To make a pencil, given wood, you’ll need graphite.  Making a bike takes a frame and tires.  These markets are bonded—you can’t make a final product without some key pieces.  How do bonded markets such as jets and their engines interact across 7 dimensions?

Let’s look.

In the 7D diagram below (with log scaling in all directions), turbofan engines use Dimensions (Dims) 1-4.  As Specific Fuel Consumption (SFC, Dim 1) goes down and Max Thrust goes up (Dim 2), turbofan prices, reflecting their Value, moves up as well (Dim 3), with Quantities sold (Dim 4) limited by the market’s demand frontier (yellow line on the red, right-hand Demand Plane).  Making a new engine with a specified level of SFC and Max Thrust yields a value of the large green sphere, marked by “T,” at left.

That engine supports a new business aircraft model and accounts for a portion of the plane’s cost, marked by the large green sphere labeled “B.”  Aircraft Value goes up (Dim 3, shared with the engines) with Max MPH (Dim 5) and Cabin Volume (Dim 6), as limited by their Demand Frontier (Dim 7).  Such entanglements exist in all bonded markets.  They must be studied thoroughly to be optimized.

#hypernomics #markets #innovation #economics

Help Your Partner; Help Yourself

Together we stand, divided we fall;
come on now, people, let’s get on the ball and work together.
Canned Heat, Let’s Work Together

Upper Demand Frontiers form in every market outside of commodities. You can prove this by plotting shares for all S&P 500 companies on the horizontal axis against their sales prices on the vertical (best seen in log-log space). For any given day, you’ll find an Upper Demand Frontier takes shape.

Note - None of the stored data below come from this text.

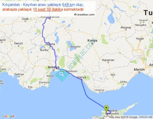 Kılıçarslan - Kayıhan arası yaklaşık olarak 90 km/h ile yukarıda belirtilen sürede olup, iki yerin kuş uçuşu uzaklığı (mesafesi) 474'dir. Eğer belirtilen yerler arasında uçak seferi var ise bu süre uçakla 43 dakika'ya kadar düşebilir. Yolculuk otobüsle 13 saat 41 dakika sürmektedir.
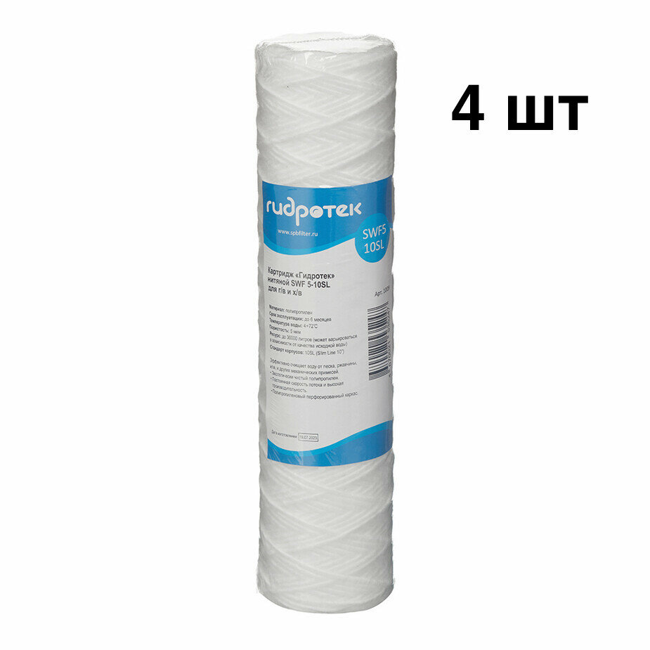 Купить Картридж 4 шт для фильтра Гидротек SWF для горячей и холодной воды нитяной 5 мкм 10SL
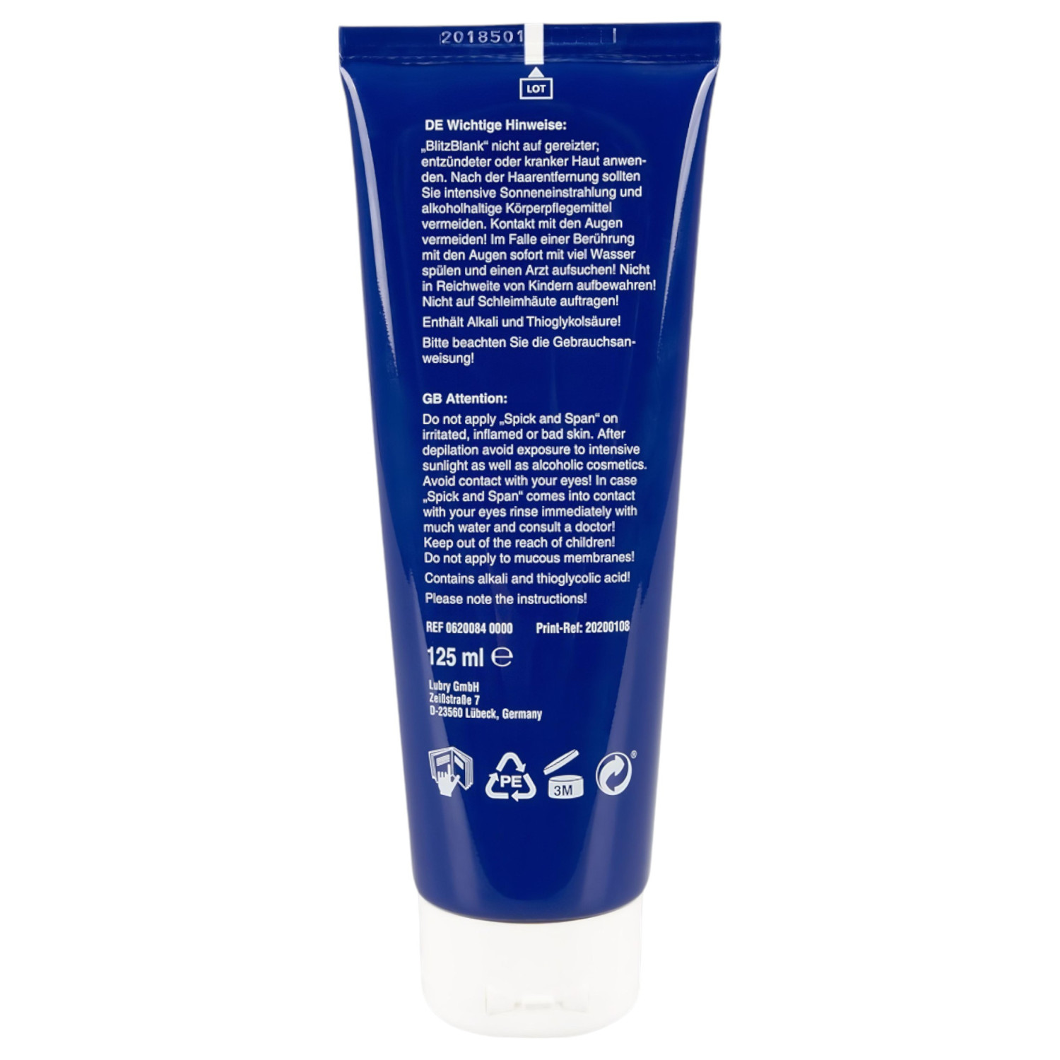 Påfør kremen jevnt på ønsket hudområde. La virke i tiden indikert på pakken, og fjern deretter kremen og hårene forsiktig med den medfølgende spatelen. Skyll grundig med lunkent vann.
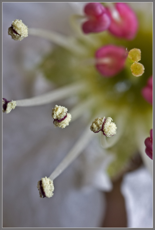 Closer views of pollen releasing anthers reveals that they possess
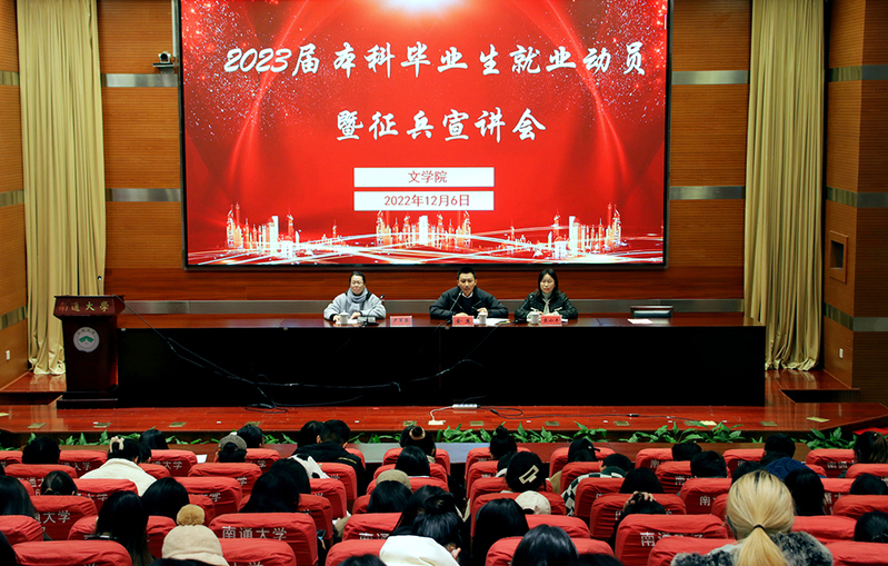 12月6日下午,文学院召开2023届本科毕业生就业动员暨征兵宣讲会。

Frontiers limit sales. How do you work around them?

Hypernomics enables us to see how interconnected markets work. In (A), the Boeing 787 Business Jet was, for a period, pushed up against its Demand Frontier (the dashed blue line). One of its compatible engines, the GE Genx-1B, found itself in a like condition, hard up against its Demand Frontier (in B, the dashed orange line). What to do?

If GE, whose engines make up about a quarter of the B787 cost, finds their Learning Curve (recurring costs, as the solid orange line) below their price limit, they could drop their prices and make more profits. That would enable Boeing to lower their B787 business jet price and do the same. Knowing your partner’s place in the market is key to making them and you more profits.